The object returned by **runGroupsBoot** is virtually the same as the **eBoot** object returned by **wBT**. The object returned, called **bootGroupsOut** contains all the results of the test that are shown in the console.
We cam visualize the results of the test as a the histogram of percentage changes. These can be done with the **plotHistogramTrend** function.
To call this function for a **runGroupsBoot** result would look like this:
```{r eval = FALSE}
plotHistogramTrend(eList, eBoot, flux = TRUE,
xMin = NA, xMax = NA, xStep = NA,
printTitle = TRUE, cex.main = 1.1,
cex.axis = 1.1, cex.lab = 1.1,
col.fill = "grey")
```
The only two arguments required are **eList**, and **eBoot** which represents the output from **runGroupsBoot**.
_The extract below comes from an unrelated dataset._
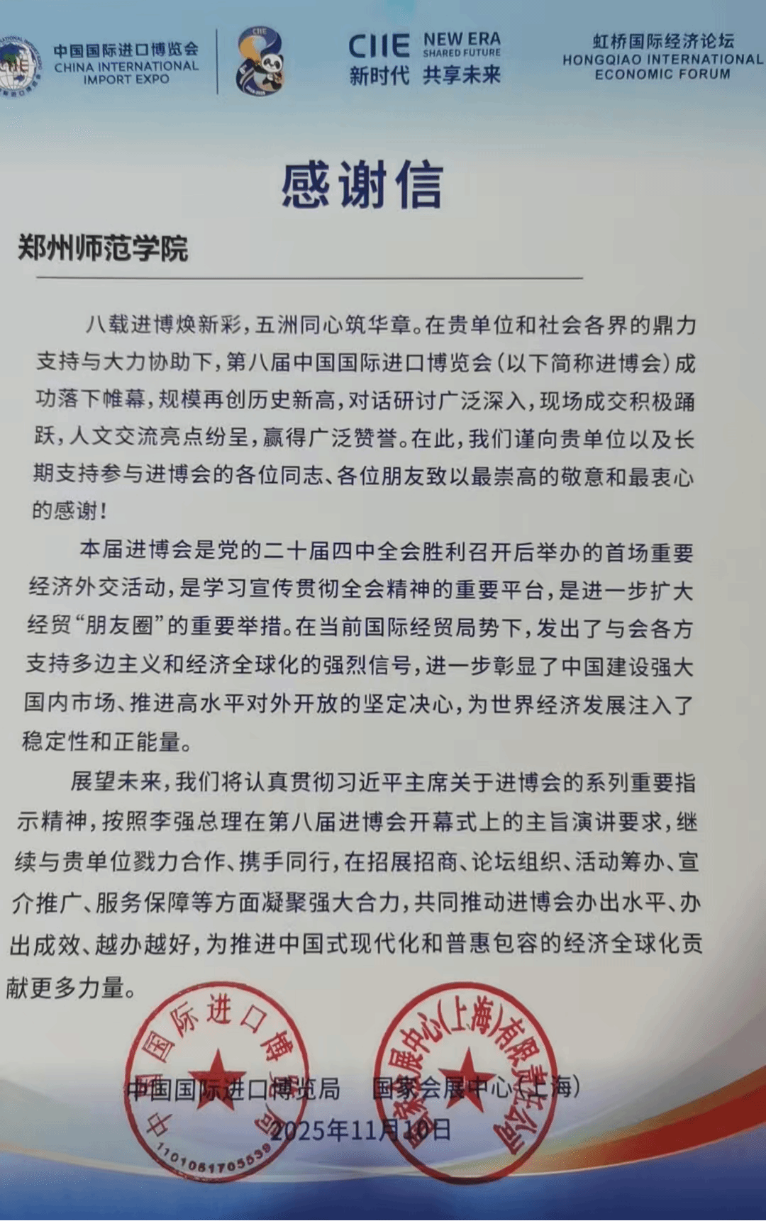 连续多年获感谢信,既是对学生实践能力的肯定,更是对我院以赛促学、以践育人教学理念的检验。自进博会举办以来,专业始终将其作为核心实践平台,通过“校企协同培训+岗位实战锻炼+复盘总结提升”的模式,让学生在国际大型活动中积累经验、提升能力。未来,我院旅游管理专业将继续深化实践教学改革,拓展更多实践渠道,助力学生在专业领域持续成长,为旅游行业培养更多兼具国际视野与实践能力的高素质人才。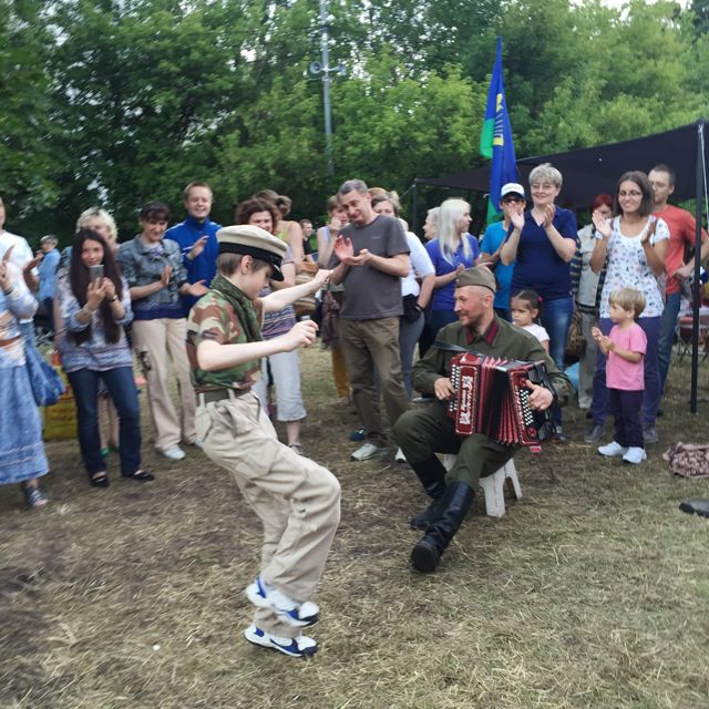 Илья Ахромеев — человек в военной форме и с гармонью — уверен, что визиту полиции в парк предшествовал очередной конфликт. «У православных переполнился сортир, вывезти не могут. Машину откачивающую мы не пускаем. Вот они и притащили еще одну кабинку, наши начали возмущаться, а там уж и полиция вмешалась», — рассказывает он. «Скажите, а почему вы в военной форме?» — осторожно спрашиваю я. «А это форма моего прадеда, — отвечает Ахромеев. — Он в 1942 году погиб. А сейчас пришло время ее достать, потому что это — война, мы действуем против захватчиков на нашей же земле».

Here are the calls to **plotHistogramTrend** first for flux, and then for concentration. The **xMin, xMax, and xStep** arguments shown below were selected based on first viewing the results using the default values and then searching for a set of values for the three arguments that provided a good representation of the distribution.
```{r eval = TRUE}
plotHistogramTrend(eList, bootGroupsOut,
xMin = -30, xMax = 40, xStep = 10)
plotHistogramTrend(eList, bootGroupsOut,
flux=FALSE, xMin = -10,
xMax = 50, xStep = 5)
```
What the results clearly show us is that both flux and concentration indicate that it is somewhat more likely to have been an increase rather than a decrease between the two groups of years. Our best estimate is an increase is a little less than about + 10%. For both flux and concentration the trend is fairly likely to be in the range from -20% to about +30%.